Aris menimpali, “Jadi orang pinter tuh bukan yang banyak tahu ya, tapi yang nggak takut ngaku nggak tahu?”
“Puguh,” jawab Ki Somad. “Karena dengan ngaku nggak tahu, kita jadi tahu di mana kita harus belajar. Itu namanya ‘conscious ignorance’ — kebodohan yang disadari.”
Antara Sok Tahu dan Takut Malu
Fufu mulai merasa tidak nyaman. “Tapi Ki, kalau saya ngaku nggak tahu terus, orang lain bisa ngeremehin saya. Gengsi juga, apalagi di forum diskusi…”

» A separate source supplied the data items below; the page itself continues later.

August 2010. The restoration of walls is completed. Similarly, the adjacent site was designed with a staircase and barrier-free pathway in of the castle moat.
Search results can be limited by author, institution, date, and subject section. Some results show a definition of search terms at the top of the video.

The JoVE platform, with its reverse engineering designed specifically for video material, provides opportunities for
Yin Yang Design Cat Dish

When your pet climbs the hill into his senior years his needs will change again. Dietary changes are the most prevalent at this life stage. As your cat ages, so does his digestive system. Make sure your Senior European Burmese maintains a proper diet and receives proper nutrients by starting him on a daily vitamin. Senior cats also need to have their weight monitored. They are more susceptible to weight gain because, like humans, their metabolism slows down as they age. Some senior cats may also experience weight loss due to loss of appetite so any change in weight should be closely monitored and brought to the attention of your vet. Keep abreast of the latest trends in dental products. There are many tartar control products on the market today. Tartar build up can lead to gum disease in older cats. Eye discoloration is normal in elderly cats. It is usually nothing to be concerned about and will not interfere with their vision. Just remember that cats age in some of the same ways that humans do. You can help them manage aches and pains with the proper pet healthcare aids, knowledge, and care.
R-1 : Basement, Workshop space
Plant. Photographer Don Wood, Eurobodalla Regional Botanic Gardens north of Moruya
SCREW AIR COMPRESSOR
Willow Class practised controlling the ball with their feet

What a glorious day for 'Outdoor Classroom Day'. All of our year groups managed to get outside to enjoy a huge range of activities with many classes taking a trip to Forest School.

Sule membantah, “Itu justru masalahnya, Fu. Kita terlalu fokus ke penilaian orang lain. Jadi bukan belajar yang dikejar, tapi citra biar kelihatan pintar.”

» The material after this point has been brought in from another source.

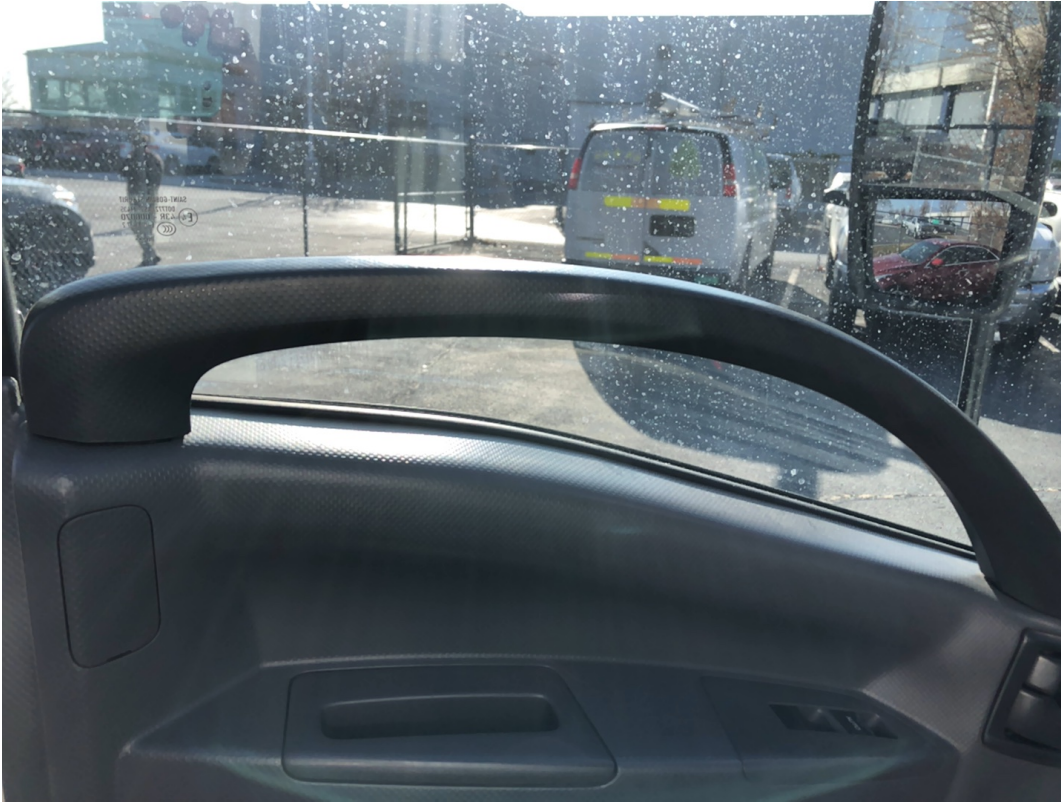
Handrails / 01-02-2024

Aris tertawa kecil, “Kayak motor juga ya Ki, kalau takut kotor ya nggak bakal pernah diservis. Padahal makin dibongkar, makin ngerti dalemannya.”
Fufu menghela napas, “Tapi kenyataannya, malu keliatan bego itu nyata, Ki. Kadang saya udah ngerti setengah, tapi pura-pura ngerti semua demi jaga image.”
Ki Somad meletakkan gelas kopinya. “Itu karena kita belum bisa berdamai dengan proses. Dalam Islam, Nabi SAW bersabda: 'Barangsiapa yang menempuh jalan untuk mencari ilmu, Allah akan mudahkan jalannya menuju surga.' Tapi nggak pernah disebut ‘ilmu yang langsung paham’. Justru prosesnya yang dimuliakan.”
Sule menambahkan, “Malu karena bodoh itu wajar, tapi terus-menerus pura-pura ngerti itu dosa terhadap akal.”
"Lagulu Le," sambung Fufu.
Bodoh Awal Belajar
Ki Somad menghela napas panjang sambil memandangi langit senja yang kemerahan. “Bray… Kalau kita merasa bodoh saat belajar, itu bukan kelemahan. Itu tanda kita jujur pada diri sendiri dan sedang membuka pintu pembelajaran. Bodoh itu bukan titik akhir, itu titik awal. Justru kalau kita nggak pernah merasa bodoh, bisa jadi hati otak lagi mandek, takabur dan hati keras.”
Fufu menatap kosong ke lantai semen bengkel. “Jadi, saya harus belajar berdamai dengan rasa nggak tahu ya, Ki?”
“Bukan cuma berdamai,” jawab Ki Somad pelan, “Tapi jadikan itu teman. Setiap kebingungan adalah pintu masuk. Jangan khawatir orang bilang kita bego. Takutlah kalau kita berhenti bertanya karena merasa diri sudah pintar.”
Takutlah kalau kita berhenti bertanya karena merasa diri sudah pintar
Aris ikut menimpali, “Jadi kayak saya kalau nemu motor mogok model baru. Bukannya malu tanya, malah saya seneng. Itu tantangan.”
Sule berdiri dan berkata, “Ayo kita bikin budaya jujur ngaku nggak tahu. Kalau kita semua berani bilang ‘belum paham’, ilmu bakal lebih mudah nyangkut.”
Ki Somad tersenyum puas. “Nah bagus itu Le. Ingat, orang jenius itu bukan yang tahu segalanya, tapi yang tidak berhenti mempertanyakan. Dan setiap rasa bodoh adalah doa yang belum lengkap. Lengkapilah dengan belajar.”
Senja jatuh pelan. Di antara suara obrolan, tawa, dan sisa bunyi obeng dari tangan Aris, sepotong filosofi mengendap: bahwa menjadi bodoh bukan dosa — selama itu jadi bahan bakar untuk tumbuh.